Salve gentee....  :Smile:  Ho scelto di impostare un il profilo 5 per portage... cosi ho dato il comando:

 emerge -DuNav world

la compilazione si ferma restituendo il seguente errore:

 >>> Compiling source in /var/tmp/portage/net-misc/curl-7.17.1/work/curl-7.17.1 ...

 *

 * ERROR: net-misc/curl-7.17.1 failed.

 * Call stack:

 *               ebuild.sh, line   49:  Called src_compile

 *             environment, line 2365:  Called die

 * The specific snippet of code:

 *           die 'ldap and kerberos (gssapi) not playing nicely try version >=7.18.1';

 *  The die message:

 *   ldap and kerberos (gssapi) not playing nicely try version >=7.18.1

 *

 * If you need support, post the topmost build error, and the call stack if relevant.

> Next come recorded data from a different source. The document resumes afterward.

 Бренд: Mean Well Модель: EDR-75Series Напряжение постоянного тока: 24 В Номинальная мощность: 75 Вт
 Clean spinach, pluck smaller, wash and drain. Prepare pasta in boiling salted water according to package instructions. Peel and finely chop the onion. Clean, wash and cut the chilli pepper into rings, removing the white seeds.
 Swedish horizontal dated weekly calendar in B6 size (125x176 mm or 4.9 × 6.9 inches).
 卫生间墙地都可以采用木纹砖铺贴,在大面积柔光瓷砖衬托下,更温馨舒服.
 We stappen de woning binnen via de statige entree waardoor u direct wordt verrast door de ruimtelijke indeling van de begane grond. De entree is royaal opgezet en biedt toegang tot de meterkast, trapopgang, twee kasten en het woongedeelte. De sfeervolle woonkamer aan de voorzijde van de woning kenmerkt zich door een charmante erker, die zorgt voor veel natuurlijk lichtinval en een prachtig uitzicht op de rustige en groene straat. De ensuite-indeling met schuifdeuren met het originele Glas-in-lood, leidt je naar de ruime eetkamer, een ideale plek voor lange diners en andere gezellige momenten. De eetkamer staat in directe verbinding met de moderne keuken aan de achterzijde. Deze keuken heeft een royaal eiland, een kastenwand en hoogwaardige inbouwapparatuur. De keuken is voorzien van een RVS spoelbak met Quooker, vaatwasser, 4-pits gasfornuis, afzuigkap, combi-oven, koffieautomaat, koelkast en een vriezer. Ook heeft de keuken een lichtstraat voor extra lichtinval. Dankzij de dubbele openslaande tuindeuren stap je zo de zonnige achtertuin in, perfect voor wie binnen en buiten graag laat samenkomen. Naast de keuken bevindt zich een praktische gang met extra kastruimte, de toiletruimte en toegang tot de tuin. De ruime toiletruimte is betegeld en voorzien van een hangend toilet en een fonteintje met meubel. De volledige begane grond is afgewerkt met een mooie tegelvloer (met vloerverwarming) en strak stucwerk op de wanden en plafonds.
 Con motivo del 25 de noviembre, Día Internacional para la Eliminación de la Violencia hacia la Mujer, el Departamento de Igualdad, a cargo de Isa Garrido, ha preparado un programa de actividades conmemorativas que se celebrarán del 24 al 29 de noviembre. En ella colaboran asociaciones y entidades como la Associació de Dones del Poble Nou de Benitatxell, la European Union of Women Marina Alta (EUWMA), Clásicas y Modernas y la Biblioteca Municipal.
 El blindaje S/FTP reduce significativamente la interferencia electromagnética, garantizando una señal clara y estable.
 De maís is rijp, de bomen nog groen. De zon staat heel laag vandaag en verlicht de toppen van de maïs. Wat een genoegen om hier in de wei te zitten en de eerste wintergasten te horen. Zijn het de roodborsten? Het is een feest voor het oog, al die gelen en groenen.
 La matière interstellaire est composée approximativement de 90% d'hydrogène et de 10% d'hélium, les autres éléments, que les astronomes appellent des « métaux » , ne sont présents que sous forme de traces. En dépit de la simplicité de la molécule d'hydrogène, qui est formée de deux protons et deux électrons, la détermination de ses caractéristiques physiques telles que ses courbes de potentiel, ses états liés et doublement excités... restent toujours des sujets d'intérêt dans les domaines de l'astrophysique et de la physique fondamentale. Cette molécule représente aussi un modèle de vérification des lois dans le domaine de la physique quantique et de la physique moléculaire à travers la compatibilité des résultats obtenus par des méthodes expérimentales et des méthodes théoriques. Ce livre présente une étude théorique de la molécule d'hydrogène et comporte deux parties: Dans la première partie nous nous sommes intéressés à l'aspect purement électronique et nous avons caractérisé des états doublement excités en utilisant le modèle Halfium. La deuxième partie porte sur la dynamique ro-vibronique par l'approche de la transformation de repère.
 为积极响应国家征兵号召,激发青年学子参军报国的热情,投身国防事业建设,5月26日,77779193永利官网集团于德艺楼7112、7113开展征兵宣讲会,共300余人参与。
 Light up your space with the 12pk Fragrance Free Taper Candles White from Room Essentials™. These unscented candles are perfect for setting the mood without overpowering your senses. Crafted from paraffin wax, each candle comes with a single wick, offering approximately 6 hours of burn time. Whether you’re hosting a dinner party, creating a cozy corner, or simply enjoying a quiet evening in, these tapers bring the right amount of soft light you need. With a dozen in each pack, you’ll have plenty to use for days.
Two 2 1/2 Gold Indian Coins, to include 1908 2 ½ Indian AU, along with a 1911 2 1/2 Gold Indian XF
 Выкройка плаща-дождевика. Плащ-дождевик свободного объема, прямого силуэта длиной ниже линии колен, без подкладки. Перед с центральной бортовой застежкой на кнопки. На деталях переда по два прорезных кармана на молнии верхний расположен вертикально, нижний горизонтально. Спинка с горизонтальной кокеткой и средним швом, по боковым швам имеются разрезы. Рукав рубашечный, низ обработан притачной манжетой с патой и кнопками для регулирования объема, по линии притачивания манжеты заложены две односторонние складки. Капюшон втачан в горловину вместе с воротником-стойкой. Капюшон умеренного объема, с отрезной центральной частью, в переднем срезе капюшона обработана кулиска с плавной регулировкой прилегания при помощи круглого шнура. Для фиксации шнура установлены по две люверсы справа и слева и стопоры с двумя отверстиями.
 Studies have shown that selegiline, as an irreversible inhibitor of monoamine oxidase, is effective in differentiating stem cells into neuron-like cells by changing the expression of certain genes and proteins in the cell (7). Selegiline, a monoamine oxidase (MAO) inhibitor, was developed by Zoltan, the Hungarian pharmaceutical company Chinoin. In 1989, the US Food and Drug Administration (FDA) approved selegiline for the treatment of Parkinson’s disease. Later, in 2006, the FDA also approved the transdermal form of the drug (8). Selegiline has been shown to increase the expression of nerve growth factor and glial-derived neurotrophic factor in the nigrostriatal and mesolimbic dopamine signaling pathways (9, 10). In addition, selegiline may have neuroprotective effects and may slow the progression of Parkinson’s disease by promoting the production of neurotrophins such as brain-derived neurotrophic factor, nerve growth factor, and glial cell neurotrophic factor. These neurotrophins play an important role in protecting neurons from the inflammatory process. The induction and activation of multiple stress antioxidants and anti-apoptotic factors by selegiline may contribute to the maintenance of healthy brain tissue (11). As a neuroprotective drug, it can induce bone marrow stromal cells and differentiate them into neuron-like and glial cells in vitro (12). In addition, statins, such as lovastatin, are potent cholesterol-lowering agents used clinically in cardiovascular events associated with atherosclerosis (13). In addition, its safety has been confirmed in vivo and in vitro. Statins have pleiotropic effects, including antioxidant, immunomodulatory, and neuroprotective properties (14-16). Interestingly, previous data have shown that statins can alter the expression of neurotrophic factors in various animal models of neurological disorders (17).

 * A complete build log is located at '/var/tmp/portage/net-misc/curl-7.17.1/temp/build.log'.

 * The ebuild environment file is located at '/var/tmp/portage/net-misc/curl-7.17.1/temp/environment'.

 *

 * Messages for package net-misc/curl-7.17.1:

 *

 * ERROR: net-misc/curl-7.17.1 failed.

 * Call stack:

 *               ebuild.sh, line   49:  Called src_compile

 *             environment, line 2365:  Called die

 * The specific snippet of code:

 *           die 'ldap and kerberos (gssapi) not playing nicely try version >=7.18.1';

 *  The die message:

 *   ldap and kerberos (gssapi) not playing nicely try version >=7.18.1

 *

 * If you need support, post the topmost build error, and the call stack if relevant.

 * A complete build log is located at '/var/tmp/portage/net-misc/curl-7.17.1/temp/build.log'.

 * The ebuild environment file is located at '/var/tmp/portage/net-misc/curl-7.17.1/temp/environment'.

 *

cosi ho dato il comando:

emerge --search curl

ed ha restituito:

Searching...

[ Results for search key : curl ]

[ Applications found : 5 ]

*  dev-lisp/cl-curl [ Masked ]

      Latest version available: 20050609

      Latest version installed: [ Not Installed ]

      Size of files: 9 kB

      Homepage:      http://sourceforge.net/projects/cl-curl/

      Description:   Common Lisp interface to libcurl, a multi-protocol file transfer library

      License:       LLGPL-2.1

*  dev-ml/ocurl

      Latest version available: 0.2.1

      Latest version installed: [ Not Installed ]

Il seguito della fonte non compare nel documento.